# Records supplied:
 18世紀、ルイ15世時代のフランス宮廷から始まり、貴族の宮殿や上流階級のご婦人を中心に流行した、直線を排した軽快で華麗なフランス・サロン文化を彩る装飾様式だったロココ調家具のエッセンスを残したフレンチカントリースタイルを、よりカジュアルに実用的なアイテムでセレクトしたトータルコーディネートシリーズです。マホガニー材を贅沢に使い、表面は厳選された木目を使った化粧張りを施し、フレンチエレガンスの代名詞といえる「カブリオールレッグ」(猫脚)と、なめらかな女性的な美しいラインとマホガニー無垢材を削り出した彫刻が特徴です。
--
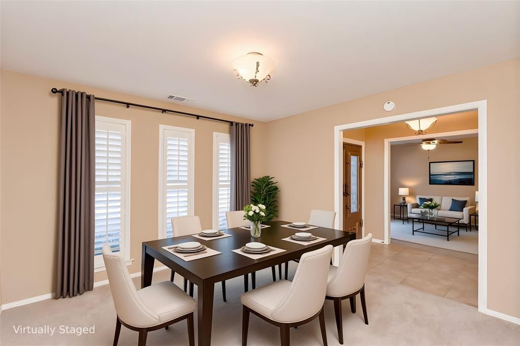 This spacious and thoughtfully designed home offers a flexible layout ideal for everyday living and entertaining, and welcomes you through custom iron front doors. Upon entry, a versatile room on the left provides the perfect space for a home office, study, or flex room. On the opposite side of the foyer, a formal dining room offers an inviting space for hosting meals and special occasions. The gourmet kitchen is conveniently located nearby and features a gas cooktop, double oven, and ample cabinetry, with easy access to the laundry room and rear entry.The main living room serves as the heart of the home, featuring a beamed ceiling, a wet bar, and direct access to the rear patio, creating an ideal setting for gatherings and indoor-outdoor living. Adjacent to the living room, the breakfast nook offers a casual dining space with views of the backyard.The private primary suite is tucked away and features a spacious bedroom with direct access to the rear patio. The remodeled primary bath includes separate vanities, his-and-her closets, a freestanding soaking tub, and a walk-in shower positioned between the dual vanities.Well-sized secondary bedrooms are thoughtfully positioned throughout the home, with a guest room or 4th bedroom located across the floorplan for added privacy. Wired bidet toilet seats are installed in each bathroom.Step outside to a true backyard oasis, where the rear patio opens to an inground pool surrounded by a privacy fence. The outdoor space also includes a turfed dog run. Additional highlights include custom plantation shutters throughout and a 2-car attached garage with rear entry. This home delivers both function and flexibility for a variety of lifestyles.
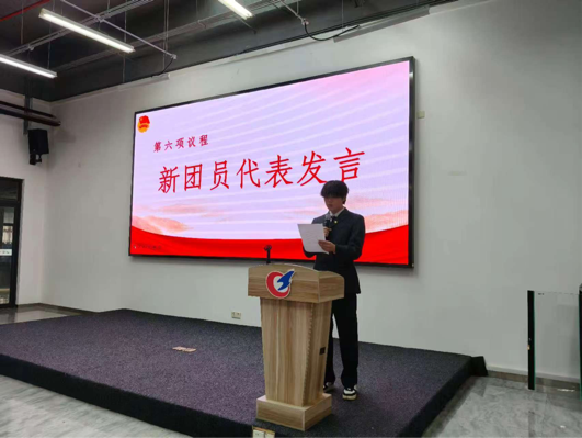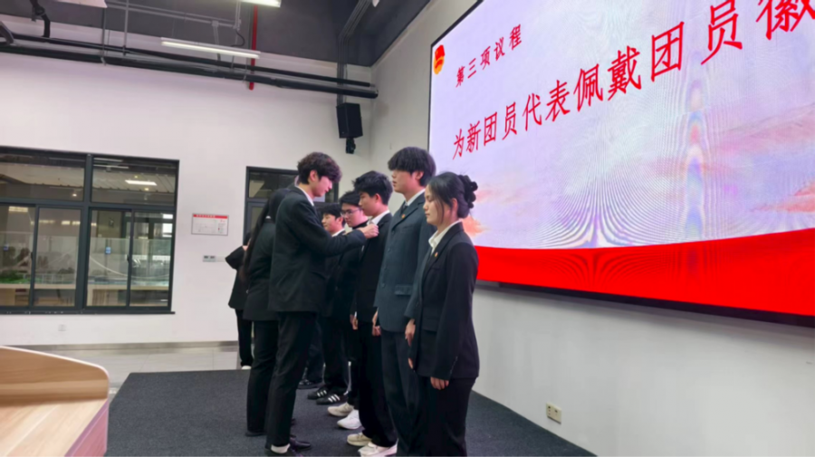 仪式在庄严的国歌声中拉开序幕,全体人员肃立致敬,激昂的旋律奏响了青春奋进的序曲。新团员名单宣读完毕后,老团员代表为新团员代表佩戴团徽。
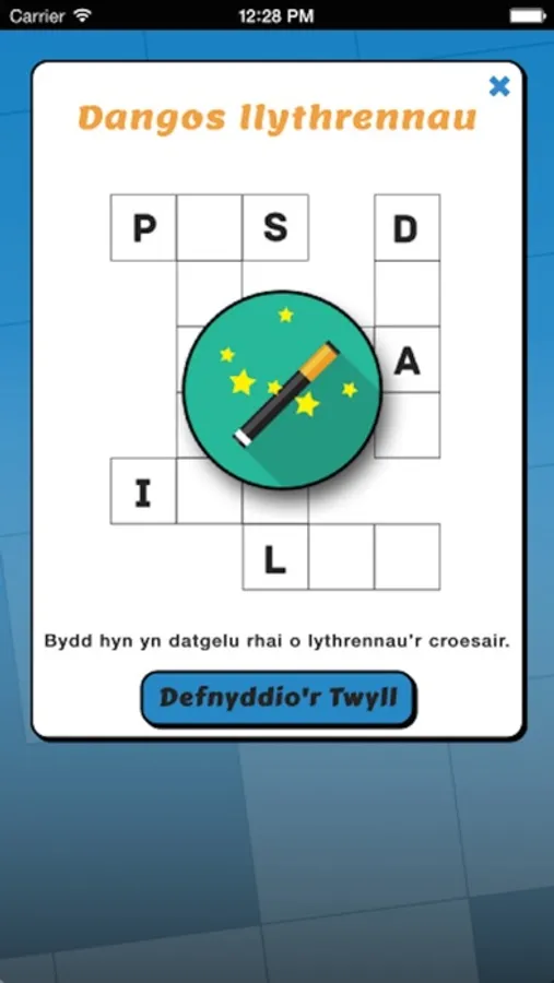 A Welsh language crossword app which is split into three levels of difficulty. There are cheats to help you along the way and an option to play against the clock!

# Problem to solve:
Within the material above, find the part that opens with the line containing "仪式在庄严的国歌声中拉开序幕" and closes with the line containing "A Welsh language", and reproduce it exactly without the pictures.

# Response to this exercise:
 仪式在庄严的国歌声中拉开序幕,全体人员肃立致敬,激昂的旋律奏响了青春奋进的序曲。新团员名单宣读完毕后,老团员代表为新团员代表佩戴团徽。
 A Welsh language crossword app which is split into three levels of difficulty. There are cheats to help you along the way and an option to play against the clock!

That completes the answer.